According to the WHO report, the SARS news discouraged some travelers from flying to Asia. The report included the following statement about the effect that the SARS scare had on travel:
“The epidemic caused significant social and economic disruption in areas with sustained local transmission of SARS and on the travel industry internationally in addition to the impact on health services directly.”
It was only by applying deseasonalization to the airline data that the SARS impact became clear. The trend patterns in the data came into full view when the fluctuating seasonal factors were removed, showing the RPM decline during the second quarter of 2003.
Data deseasonalization has great potential for improving analysis of transportation time series data. The approaches outlined in this paper for seasonal adjustment, the application of X-12 ARIMA to airline data, can be used for other transportation data as well. BTS is trying the technique with transportation data pertaining to pipelines, transit, passenger trains, waterborne freight, and air freight.
About this Report
This report was prepared by Gary Feuerberg, Mathematical Statistician, of the Bureau of Transportation Statistics (BTS). BTS is a component of DOT’s Research and Innovative Technology Administration.
For related BTS data and publications
1 The Transportation Services Index (TSI) combines available data on freight traffic and passenger travel, drawing on the various modes: air, trucking, rail, waterborne, transit, and pipeline. The data from 10 transportation services are each seasonally adjusted and combined to yield a monthly measure of transportation services output. See www.bts.gov for a full explanation.
2 Henderson moving averages are used in X-12 to extract the trend. See Dominique Ladiray and Benoit Quenneville (2001), Seasonal Adjustment with the X-11 Method, Springer-Verlag, New York, pp. 36–37.

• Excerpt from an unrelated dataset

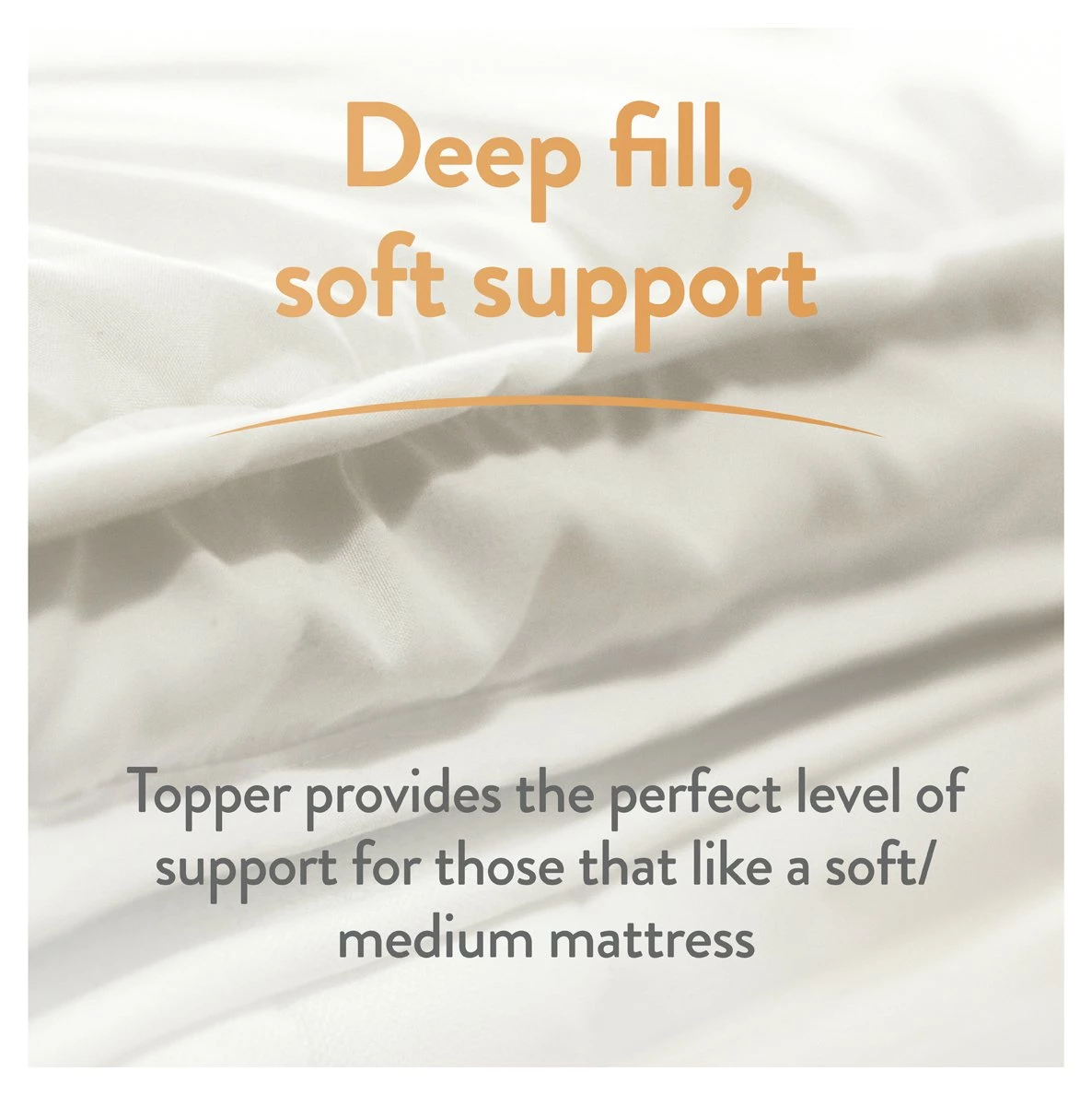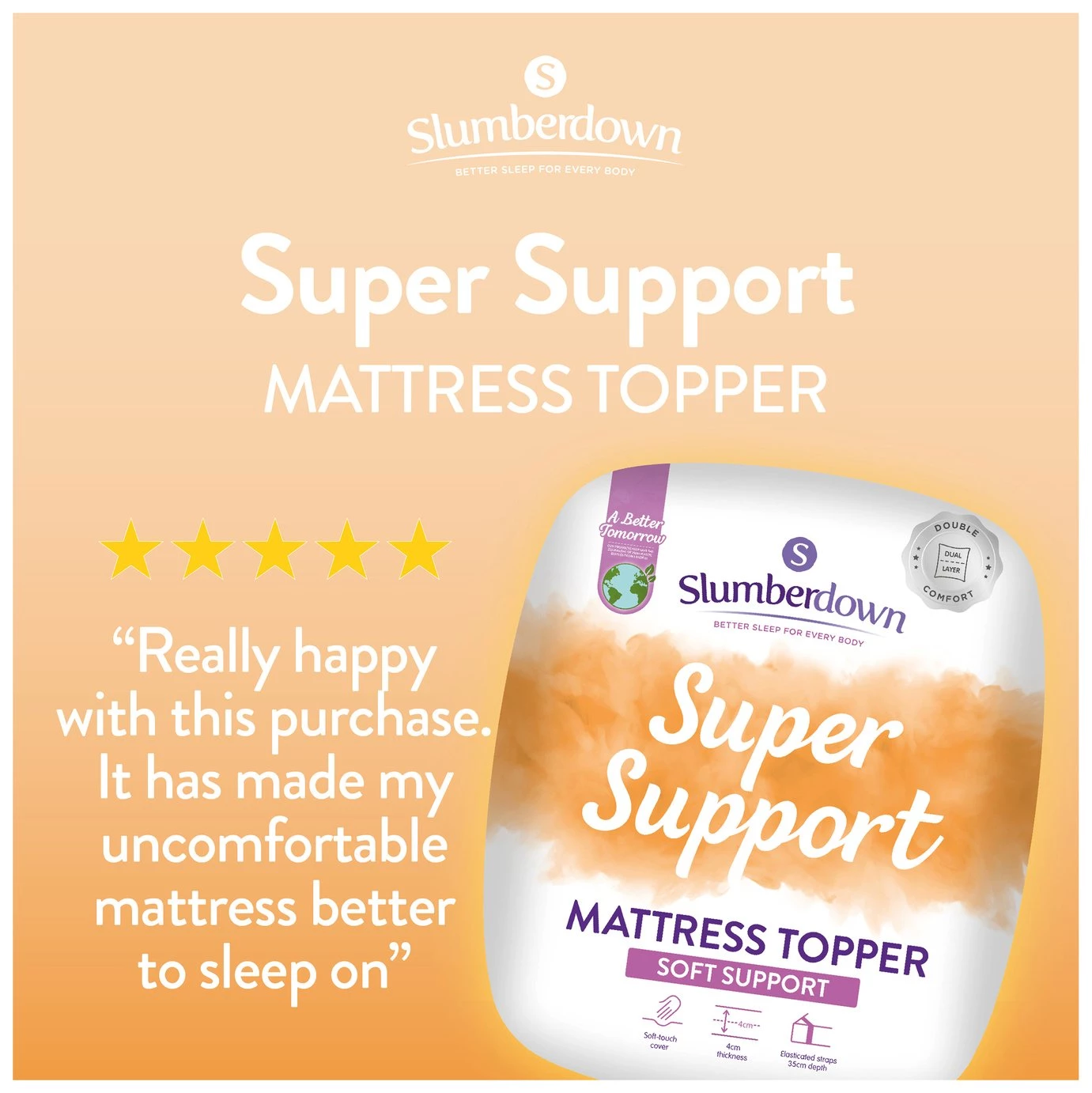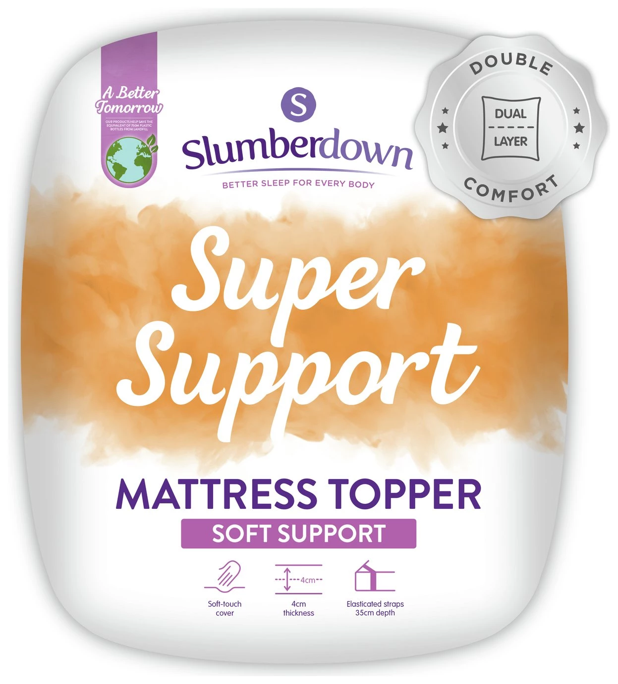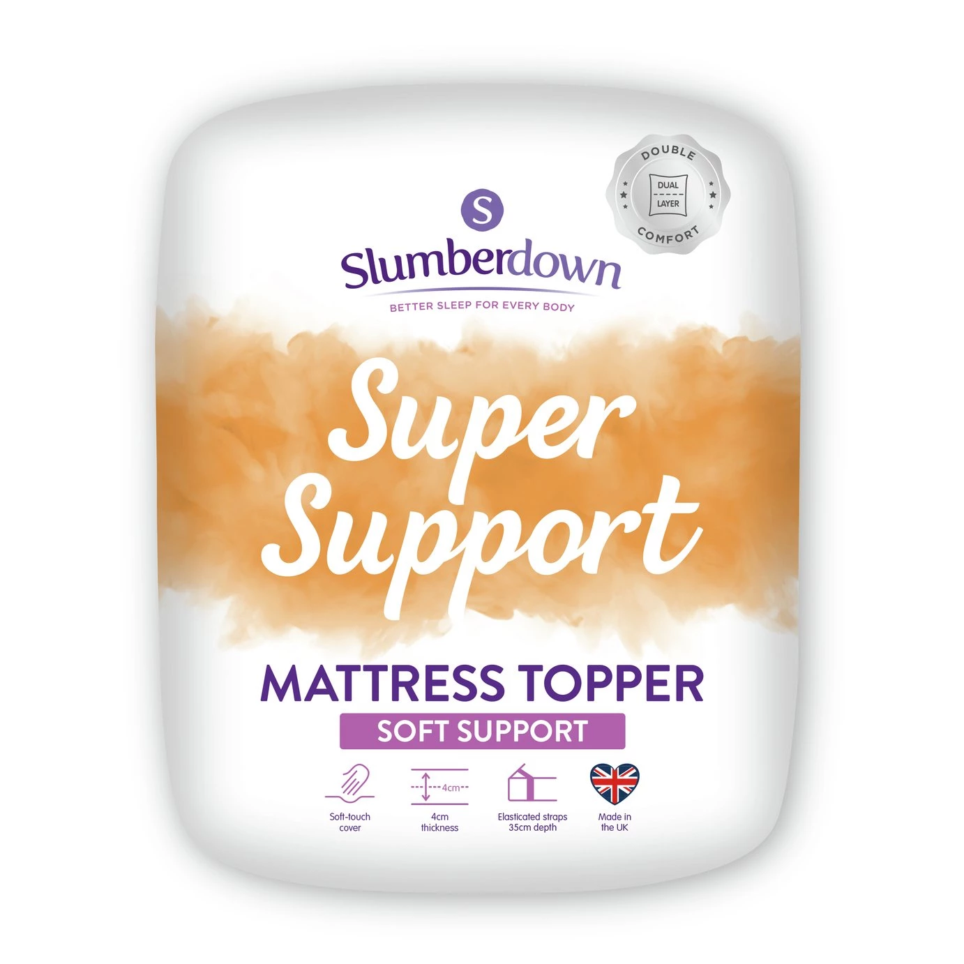 The Slumberdown Super Support Topper provides an additional level of support for your mattress . Two soft touch toppers are connected by a breathable middle layer which gently supports the contours of your spine, whilst allowing the air to circulate and remove any heat build up. The topper is designed to offer a soft level of support and is ideal for people who prefer a soft/medium mattress. The topper fits to the mattress with re-inforced elasticated straps which will fit a mattress depth of up to 30cm.

4 International refers to a residual region category for traffic to destinations outside the United States reported by carriers that are not required to designate Atlantic, Pacific, or Latin America entities. Not all carriers are assigned Atlantic, Pacific, or Latin America entities, especially when they do not have scheduled flights in those regions.
5 The number one airline for RPMs in 2002 was American Airlines at 121 billion revenue passenger-miles. The 18th carrier was Frontier with 3.4 billion revenue passenger-miles.
6 These airline submissions have occasional missing data. In the case of Comair, the amount of missing data precluded further analysis. Three airlines (Frontier Airlines, American Eagle, and Hawaiian) were missing one data point and estimates had to be interpolated.
7 Guidelines for a Surveillance of Severe Acute Respiratory Syndrome (SARS), October 2004.